Investigators are also being employed to look further into people's pasts, following sexual misconduct scandals involving high profile figures such as former chief executive officer and chairman of CBS Les Moonves, which surfaced after decades.
People are recognizing the impact — and this is the #MeToo movement — of harassment on people, and how it can impact their careers for years.Victoria Lipnicacting chair, U.S. Equal Employment Opportunity Commission
"In the year since the Weinstein scandal, we've seen around a 35 percent uptick in client calls on the matter," says Dan Nardello, a former federal prosecutor at the Manhattan U.S. Attorney's Office, who now runs his own firm.
While some companies and boards previously viewed background investigations as a "check the box" requirement going back 10 years, many more now recognize the value of an in-depth, rigorous investigation going back decades, said Nardello.
"As we've seen in a number of high profile situations, 10 years is usually not long enough to fully vet someone's background," he said. "Our clients are increasingly requesting that searches be both as historical and as comprehensive in scope as possible."

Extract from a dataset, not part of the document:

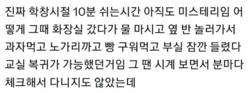 학창시절 쉬는시간 10분 아직도 미스테리임 우라칸 0 1377 0 05.27 02:17 link URL 복사: https://view.humorpick.com/bbs/board.php?bo_table=humor&wr_id=382498 0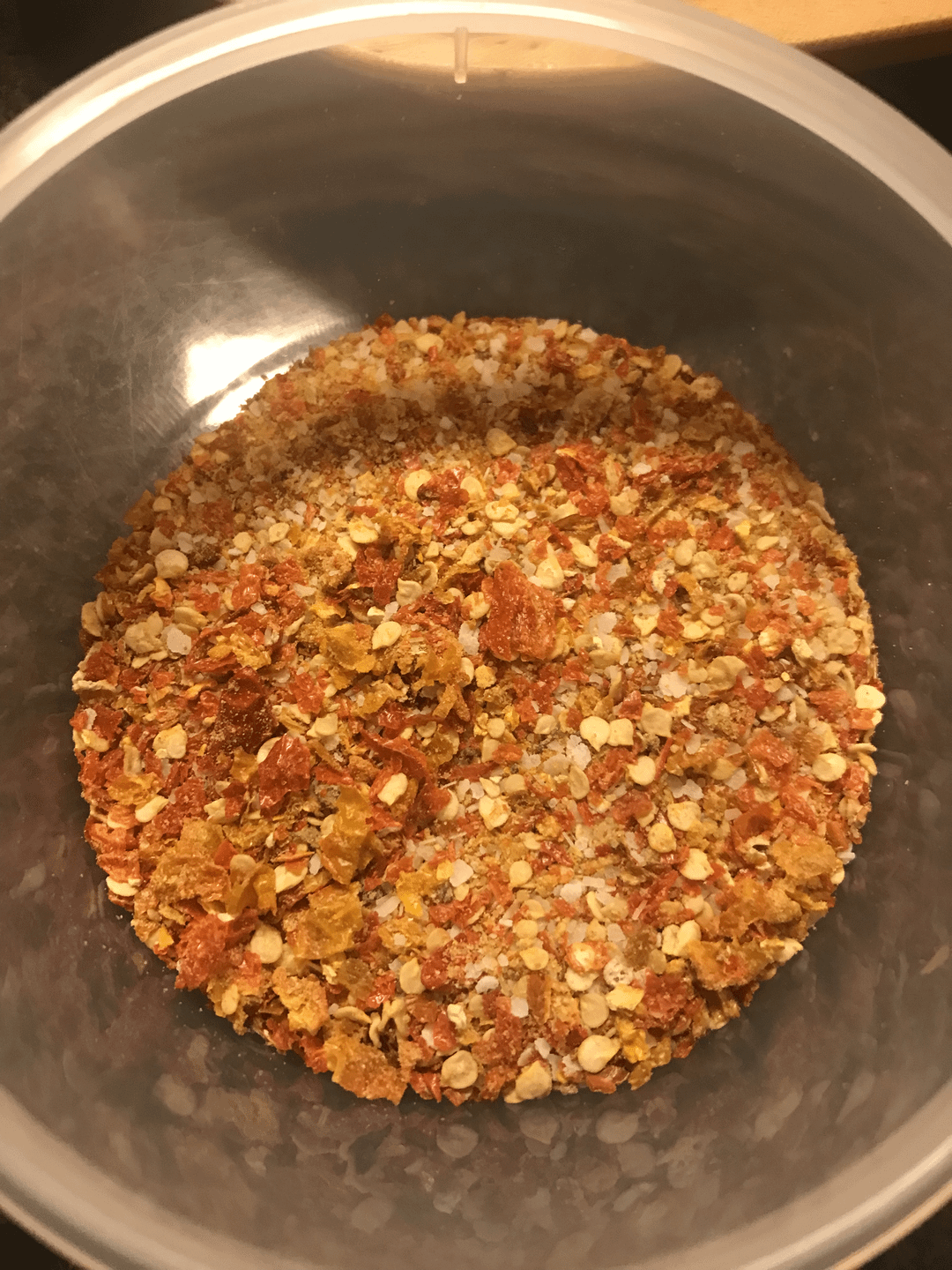 Turned a bunch of my Borg 9 Yellows, Quintishos, and Black Thais into a shake seasoning with some other ingredients. Dusted some wings with it – turned out great

Social media means #MeToo claims can spread fast and wide, and these firms are also increasingly being hired by men who say they have been wrongly accused. Temin estimates that between five and 10 percent of accusations are false. She works with those who say they've been wrongly accused to develop an authentic counter-narrative, figure out how to involve human resources and manage their reputation within an industry.
"Whatever you do, you want to do it very quickly," said Temin, who says in the past she's been concerned clients might hurt themselves.
Still, Temin calculates that 1,110 high-profile figures have been accused of sexual harassment since the allegations against Weinstein first emerged. "We probably have not heard the worst of the stories," says Temin. "Those who are truly damaged are often too damaged to come forward."